What if instead of being fearful and upset about the consistent, decades-long decline and demise of the institutional church as we have known in through most of the last century, God is up to something new?
What if it doesn’t matter how hard we try to stop this decline because we are making some bad assumptions about what the church is supposed to look at, how it operates, and how it functions?
What if we admitted that we really have no clue as to what to do, and we just stopped trying to reverse course, or stop the decline, or tried this or that approach?
What if we are asking the wrong questions, have the wrong focus, and have made assumptions about what the church is supposed to be about that no longer work?
What if church not about what we are doing, or trying, or what we supposedly know?
What if we are approaching it all wrong? And what if right and wrong isn’t even what church is supposed to be about because that misses the mark?

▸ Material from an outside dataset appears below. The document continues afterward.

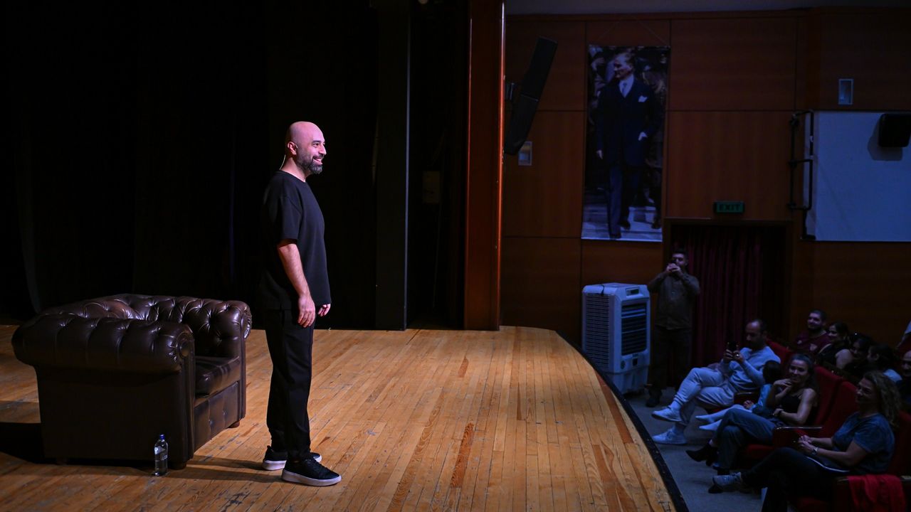 Kariyerine sosyal medya platformlarında paylaştığı skeçlerle başlayıp kısa sürede geniş bir takipçi kitlesine ulaşan Tahsin Hasoğlu, BKM Mutfak çatısı altında yaptığı tek kişilik gösterisiyle İZKİTAP kapsamında sahne aldı. İzmir Sanat’ta seyirciyle buluşan Hasoğlu, İzmir’de olmaktan duyduğu memnuniyeti dile getirdi. Gösterisinde, kadın-erkek ilişkilerinden aile dinamiklerine ve sinemadaki oyunculuk deneyimine kadar birçok konuyu esprili bir dille anlatan Hasoğlu, sahnedeki enerjisiyle izleyicilerin beğenisini topladı. Hasoğlu’nun, gösteriye gelirken fuarı gezerek ziyaretçilerle yaşadığı diyalogları ve “Bizans Oyunları” filmindeki rolü gibi kişisel deneyimlerini mizahi bir dille anlatması büyük ilgiyle karşılandı. İZKİTAP 2025, 26 Ekim’e kadar yayınevlerini, sahafları ve edebiyat dünyasının birbirinden değerli isimlerini İzmirli kitapseverlerle buluşturmaya devam edecek.

What if this is supposed to be a time of exile for the church? Or a time of wandering in the wilderness? Why are we assuming otherwise? Do we think we deserve to be somewhere? Do we assume that we are? What does that say about us?

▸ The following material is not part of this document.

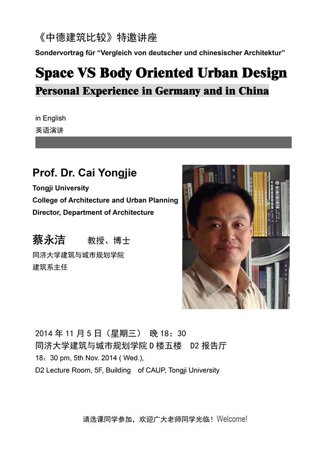【11月5日学术讲座】Space VS Body Oriented Urban Design - Personal Experience in Germany and in China by Prof. CAI Yongjie

What if this is a time of God’s pruning of the church? Pruning is the idea of cutting away, sometimes in ways that seem to kill the plant, but really it is about cutting away the dead and the branches that are a drain on life-giving resources for the plant.

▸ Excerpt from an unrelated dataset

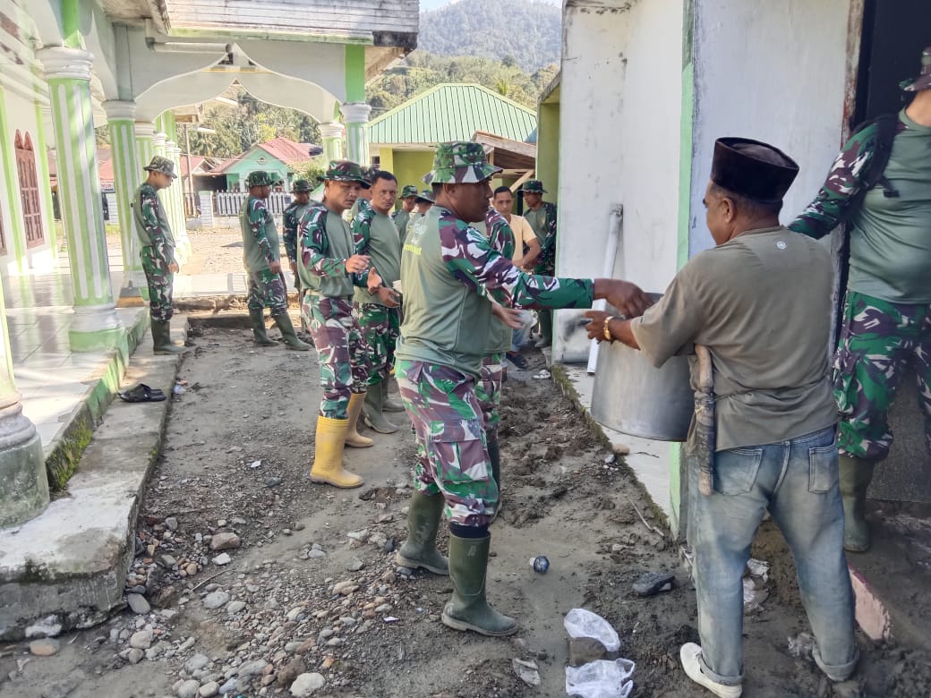Kutacane – Pasca bencana banjir yang melanda wilayah kecamatan ketambe Babinsa bersama warga terus dengam penuh semangat gotong royong mbersihkan masjid Baiturrahim desa lak lak kecamatan Ketambe Kabupaten Aceh Tenggara,Senin (12/01/2026)

What if God doesn’t want us to recreate the church of the past because God has never been about the best days are in the past, which becomes an idol that we humans have a tendency to worship? God never called the church to go back at any other time in history – to recreate something that used to exist. There has always been a push forward.
What if God is shedding what we know because we attempted to make the church in our own image and worshipped that thing we created, rather than God?
What if God is up to something new? Something unknown? Something out of our control? And a way for it to happen is for the institutional church to go through a sort of death, so that resurrection of the church can happen. Resurrection that will make something new.
What if something, or many things, in our churches need to die – ideas about the church, our assumptions, our expectations, our wants and desires, our systems, our beliefs, our structures, our desire for the predictable and comfortable and known, and more.
What if God is doing a new thing? Do we not perceive it? Or are we afraid that God is reclaiming God’s church and we don’t like it?
What if God is doing something new? Do we doubt that what God is up to will be so much better than what we currently have?
God is up to something new…
Yet another great article! Thanks !
Thanks for reading it Steve
Comment
A lot of good questions to ask, for sure. I especially think that we have thought we could “grow” the church in ways that leave out the Spirit. So maybe God will use the insignificant things, or groups (think immigrant churches, house churches, and others off the radar) to do the news things. Emergence often comes at the expense of the previous iteration, so another way to frame it could be – does the church need to evolve in some way? Thanks, Matt.
Indeed. I always see the church as a community building upon a foundation from previous generations and reforming it to meet the needs of the current iteration, knowing that the next generation will change and adapt it as needed as well. And all that is a beautiful thing. Because living things change and adapt.
Comment
A lot of good questions to ask, for sure. I especially think that some have thought a church could “grow” in ways that leave out the Spirit. So maybe God will use the insignificant things, or groups (think immigrant churches, house churches, and others off the radar) to do the news things.
Another thought – Emergence often comes at the expense of the previous iteration, so is the church evolving in some way that God is orchestrating for the future?